++++ Stored data

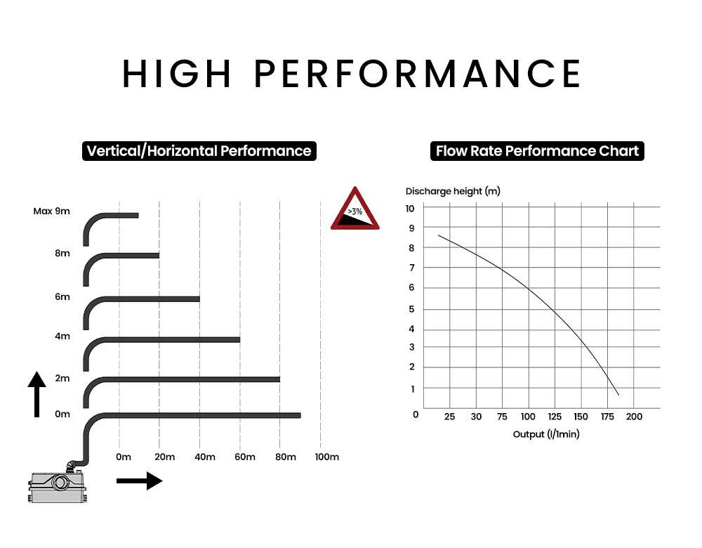 The Washlink 4 Commercial runs smoothly, thanks to its powerful 800W copper wound motor and rubber feet. Specially moulded non-clog stainless-steel impeller blades make short work of all waste, and can even cut through materials such as condoms, paper towels, and female sanitary products. It is capable of pumping up to nine metres vertically and 90 metres horizontally.
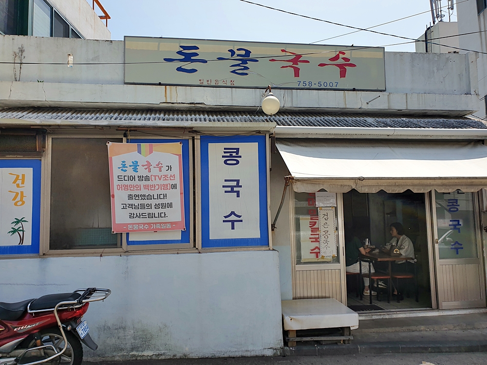작고 허름한 가게인 돈물국수는 제주 향토음식인 꿩메밀칼국수와 콩국수가 유명한 곳으로 근처 현지인들에게는 일찍이 알려진 노포맛집이랍니다.
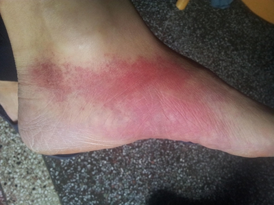 一氧化碳中毒表现为丹毒样红斑,发生于脚部时,呈不规则形,边界清晰,同时伴随头晕、头痛、恶心等症状。在脱离有毒环境后,症状可得到缓解。
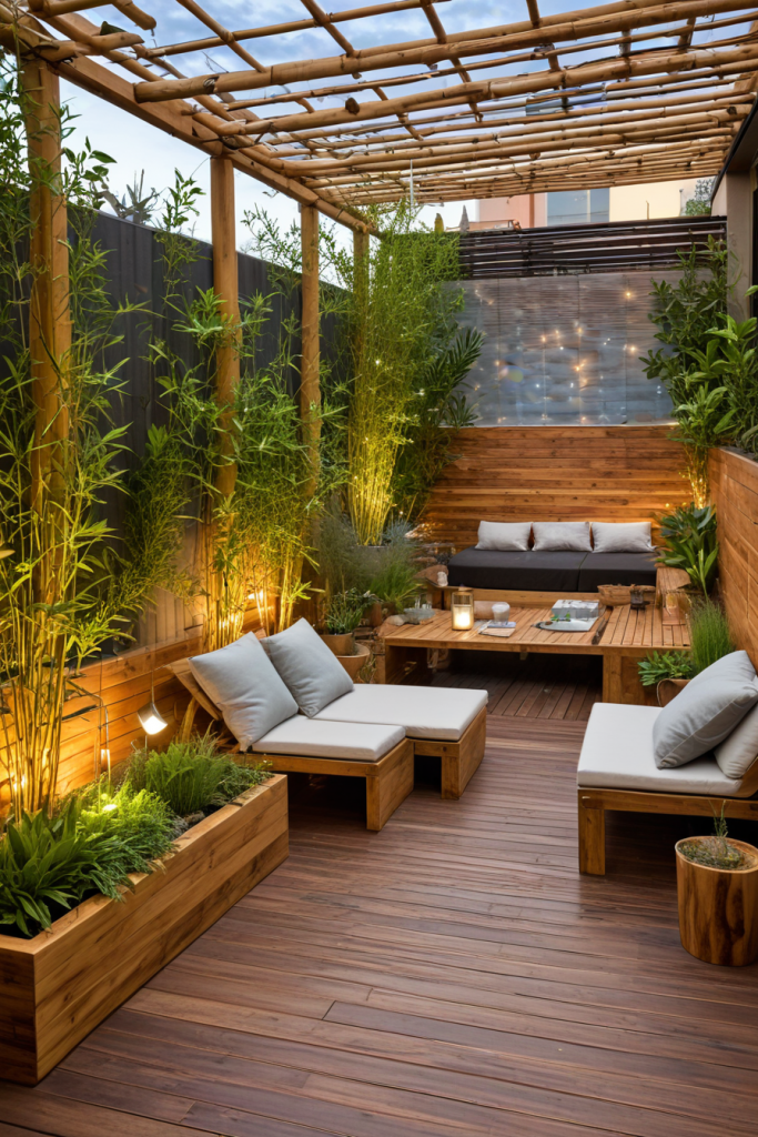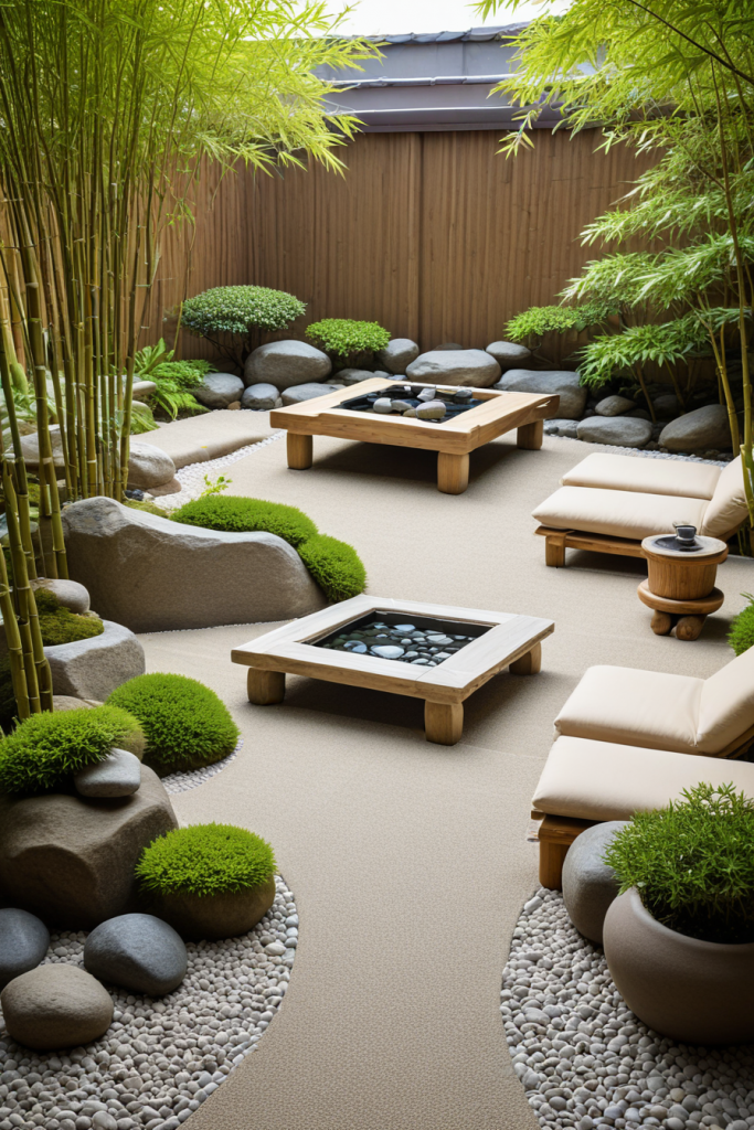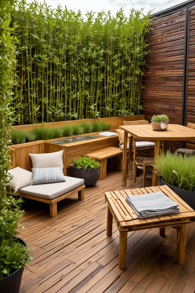 A Japanese Zen terrace is all about simplicity, balance, and natural elements. Choose a neutral color palette, bamboo furniture, stone accents, and a low seating arrangement for a peaceful retreat. Incorporate a small water feature, bonsai trees, and Zen sand gardens to enhance the calm, meditative ambiance.
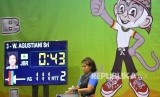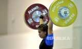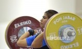 Lifter putri Jabar Sri Wahyuni Agustani mengangkat barbel saat bertanding pada kelas 48 kg di GOR Sabilulungan Jalak Haruat,Kabupaten Bandung, Jabar,Selasa (20/9). (FOTO : Republika/Prayogi)
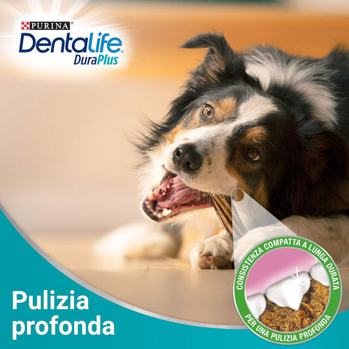 Dentalife cani DuraPlus, lo snack con azione pulente di lunga durataPurina Dentalife DuraPlus è lo snack per cani di taglia media da 12 a 25 kgDentalife...

++++++++

Your reply must hold only the lines from the line containing "작고 허름한 가게인 돈물국수는" through the end of the records above, written out exactly, both ends included, with no pictures, please.

작고 허름한 가게인 돈물국수는 제주 향토음식인 꿩메밀칼국수와 콩국수가 유명한 곳으로 근처 현지인들에게는 일찍이 알려진 노포맛집이랍니다.
 一氧化碳中毒表现为丹毒样红斑,发生于脚部时,呈不规则形,边界清晰,同时伴随头晕、头痛、恶心等症状。在脱离有毒环境后,症状可得到缓解。
 A Japanese Zen terrace is all about simplicity, balance, and natural elements. Choose a neutral color palette, bamboo furniture, stone accents, and a low seating arrangement for a peaceful retreat. Incorporate a small water feature, bonsai trees, and Zen sand gardens to enhance the calm, meditative ambiance.
 Lifter putri Jabar Sri Wahyuni Agustani mengangkat barbel saat bertanding pada kelas 48 kg di GOR Sabilulungan Jalak Haruat,Kabupaten Bandung, Jabar,Selasa (20/9). (FOTO : Republika/Prayogi)
 Dentalife cani DuraPlus, lo snack con azione pulente di lunga durataPurina Dentalife DuraPlus è lo snack per cani di taglia media da 12 a 25 kgDentalife...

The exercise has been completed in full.